Apps & Permissions

Overview

Custom integrations on Workplace are services that use the Graph API or the Account Management API to extend the default functionality of Workplace. For example, custom integrations can keep employee information up to date, automate group membership, make backups of posts in groups, or automate posting to specific groups based on activity in another service.

Apps on the Integrations tab in Company Dashboard.

As a Workplace system administrator, you can control the capabilities offered to each custom integration by creating apps and granting them specific permissions. Each app can be named to reflect the service it enables. Apps come with unique access tokens and permissions to control what information is allowed to be read or written by that app.

This guide describes the app and permission model in more detail, and covers the following topics:

Creating Apps for Workplace

The Graph API and Account Management API for Workplace are openly available APIs, which can be called by any developer that knows how to call REST-based APIs. However, access to these APIs is controlled by app permissions and protected by access tokens, and only System Administrators can create apps and generate access tokens.

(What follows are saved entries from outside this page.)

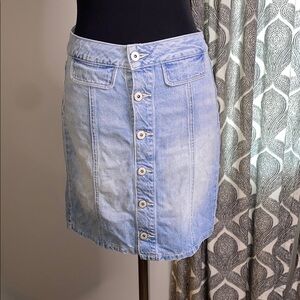 Stylish denim skirt with a classic button-front design. *NOTE- only the top 3 buttons open, bott 3 are decorative. Skirt is in excellent condition. Waist measures 28” & skirt is 17.5” long.
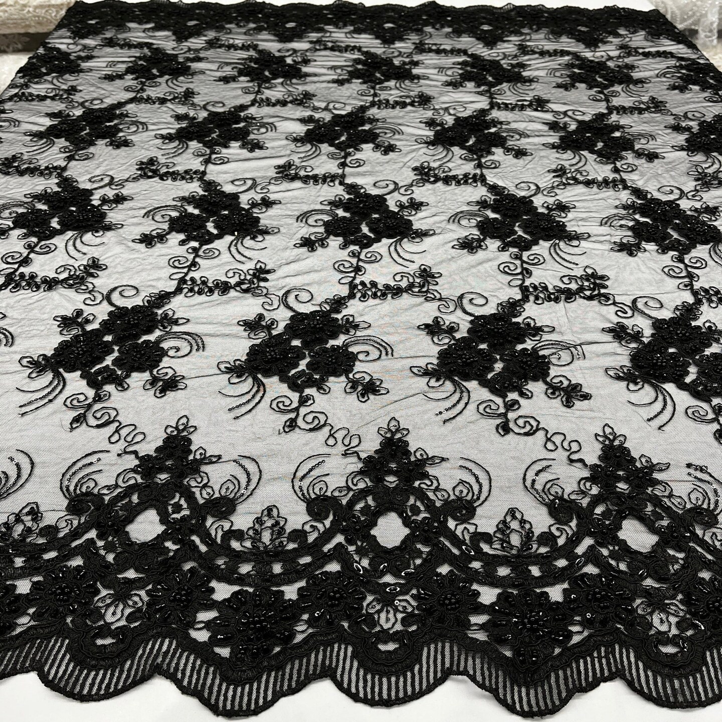 1 Yard Elegant Beaded and Corded Bridal Lace Fabric Embroidered on 100% Polyester Net Mesh 51" Width
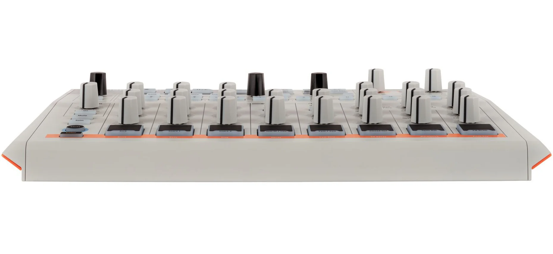 The same powerful 10-voice analog drum machine, reimagined in an iconic off-white finish. DrumBrute Impact 1984 merges in-your-face analog percussion with a polyrhythmic 64-step sequencer and modern-sounding appointments in a compact, instantly satisfying beat-making machine.
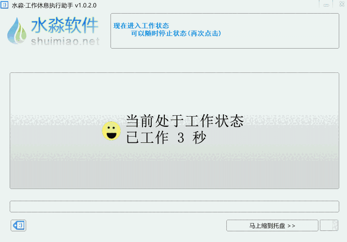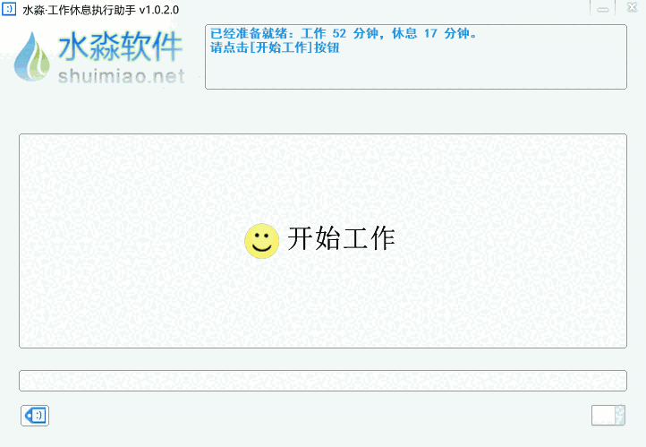 水淼工作休息执行助手是一款专业的时间提醒的工具软件,软件可以有4种状态提醒分别为工作、休息前、休息、工作前,十分方便快捷,界面简约,布局直观清晰,操作简单,极易上手,是一款不可多得的利器。
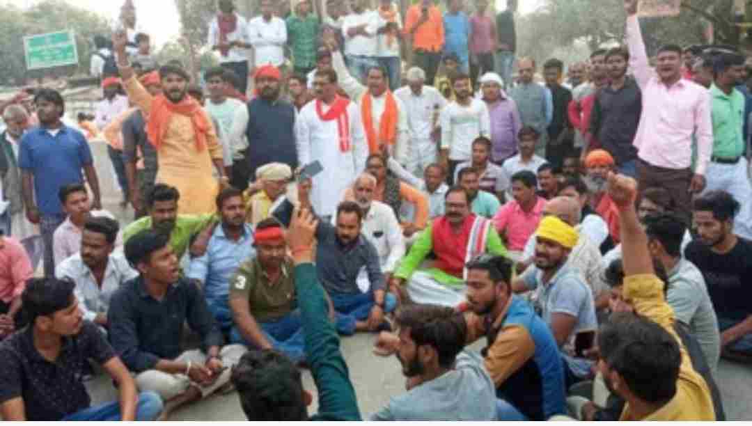 जौनपुर : आरोपितों की जल्द गिरफ्तारी को लेकर खुटहन चौराहे पर किया प्रदर्शन

To create an app for Workplace, follow the steps below:

  1. In the Company Dashboard, open the Integrations tab.
  2. Click on the Create App button.
  3. Choose a relevant name and description for the app.
  4. (Optional) Add a profile picture for the app. This will be used any time the app makes a post, which requires the Post to groups permission.
  5. Choose the required permissions for the app, based on the integration functionality you require.
  6. Copy and safely store the access token that's shown to you. You'll need this when making API calls.

As a system administrator, it's important to make sure that you only share access tokens with trusted developers within your organization and Facebook-approved third-party developers.

App Permissions

Each Workplace app can be granted its own set of permissions to control the level of functionality available to it on the Graph API and Account Management API.

When you create an app and grant it permissions, those permissions are applied to every account in your community. Account holders don't need to grant additional permissions to the app in order to benefit from its functionality. This differs from the permission model on consumer Facebook, where each user individually grants permissions to an app when logging in.

Below is a full list of the app permissions available to custom integrations, along with an overview of how they can be used.

Read content
  • Read posts and comments in groups, retrieve files and read information from member profiles.
  • Use this permission when building any custom integration that fetches content, such as an e-discovery tool or an offline content moderation tool.
Post to groups
  • Post and comment in any group
  • Use this permission when building a custom integration that posts content to groups, such as a weekly report from an internal service, or a service status notification bot.
Manage groups
  • Add, edit or remove groups and their members
  • Use this permission when building a custom integration that auto-generates groups and populates group members based on org chart structure or project groups.
Manage accountsImpersonate
  • Post and comment in groups and read messages on behalf of any user
  • Use this permission for generating member access tokens to fetch Work Chat conversations for a specific user, and for making or editing posts on behalf of users.

App Tokens & Usage

When you create a new app for Workplace, an access token is generated for use with the Graph API and Account Management API. This access token will only be shown once, so it's important to store the token securely for later usage in code.

Workplace app tokens never expire, and do not need to be refreshed unless they have been manually reset. If you edit the permissions available to a given app, the existing token will still work, and you won't need to generate a new token.

If you ever need to invalidate a token, you can reset the token via the Reset Token button in the Edit app dialog. A new token will be generated and displayed, and the existing token will be immediately invalidated.

App Security

Access tokens are powerful. They grant access to your company's data on Workplace. When creating an app, consider the minimal set of permissions necessary to complete the integration features, and don't grant any unnecessary permissions.

When storing tokens or adding them to code repositories, great care should be taken to ensure that they aren't shared with the wrong people.

Never commit production access tokens into public code repositories. Never deliver access tokens in client-side code, such as JavaScript or mobile apps.